The code below was adpated from the code supplied in Andrew Ng's Coursera course on machine learning. The original code was written in Matlab/Octave and in order to further my understanding and enhance my Python skills, I ported it over to Python.

To start, various libraries are imported.

Specifically, the fmin_l_bfgs_b function will be used to optimize the cost function.


In [3]:
# Import libraries
import numpy as np
import scipy.io
import matplotlib.pyplot as plt
import math
from scipy.optimize import fmin_l_bfgs_b
from sklearn.metrics import accuracy_score
import pickle

First, we load the data. For details, please see the accompanying notebook MNIST-loader.ipynb for details.


In [4]:
# Load data
with open('./data/pickled/xtrain.pickle', 'rb') as f:
    xtrain = pickle.load(f)

with open('./data/pickled/ytrain.pickle', 'rb') as f:
    ytrain = pickle.load(f)

with open('./data/pickled/xtest.pickle', 'rb') as f:
    xtest = pickle.load(f)

with open('./data/pickled/ytest.pickle', 'rb') as f:
    ytest = pickle.load(f)

with open('./data/pickled/xval.pickle', 'rb') as f:
    xval = pickle.load(f)

with open('./data/pickled/yval.pickle', 'rb') as f:
    yval = pickle.load(f)

Now let's define some useful functions for the neural network to use. First is the sigmoid activation function:


In [5]:
# Sigmoid function
def sigmoid(z):
    return 1.0 / (1.0 + np.exp(-z))

The neural network

Below is the real meat of this notebook: the neural network funcion. The function, as defined, takes only one argument: theta. These are the weights as they are known in the moment when the function is called. At the start, these will be randomly initialized, however as the network learns these values will be changed and improved in order to minimize the cost function.

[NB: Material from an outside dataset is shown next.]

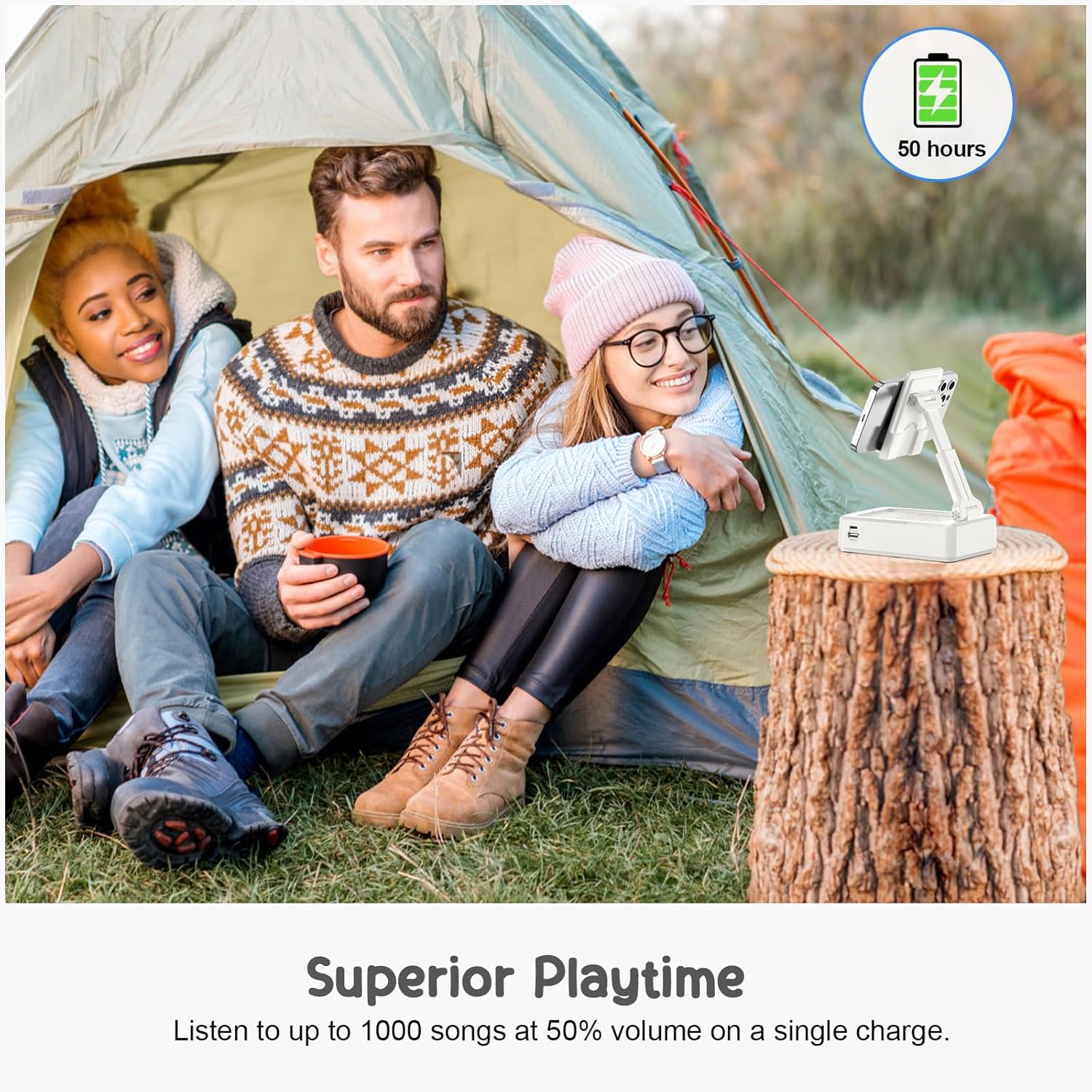TechGlow Foldable Cellphone Stand with Bluetooth Speaker and Power Bank Birthday Gifts for Men Women Mother Father Brother Sister Teens Cool Tech Gadgets-White

Let's walk through the basics. Firstly, the weights are provided in a "rolled" format, in other words instead of two matrices of weights, we have a single long list of weights. The first job is to "unroll" the weights into two matrices that can be efficiently used by the numpy matrix multiplication methods. To do this, we take the first (n+1)hidden (i.e. 40120 = 820) values, and reshape them into a 20X401 matrix. Next, we take the remaining 210 values (i.e. classes(hidden+1)) and reshape them into a 10X21 matrix. The n+1 and hidden+1* take into account the bias term, which I'll discuss below.

Forward propagation

Next, we perform forward propagation. This is relatively simple: we multiply the input values in the layer by the weights for that layer, sum the total and add the bias term, and then and apply the sigmoid function. Recall from the reading in week one:

$$ z = w.x+b $$$$ a = \sigma(z) = \frac{1}{(1+e^{-z})} $$

Since w.x is the dot product, it implies the sum. Basic matrix multiplication says that when multiplying two matrices that have the same internal dimension (ie number of columns in matrix one is the same as number of rows in matrix two), each element in row i of matrix one is multiplied by each element in column i of matrix two, and all of those products are summed. This value goes into the first row of the resulting matrix. Subsequently, the same is repeated for the remaining columns of the second matrix, and the first row of the output matrix is completed. This process goes on for all remaining rows in the first matrix.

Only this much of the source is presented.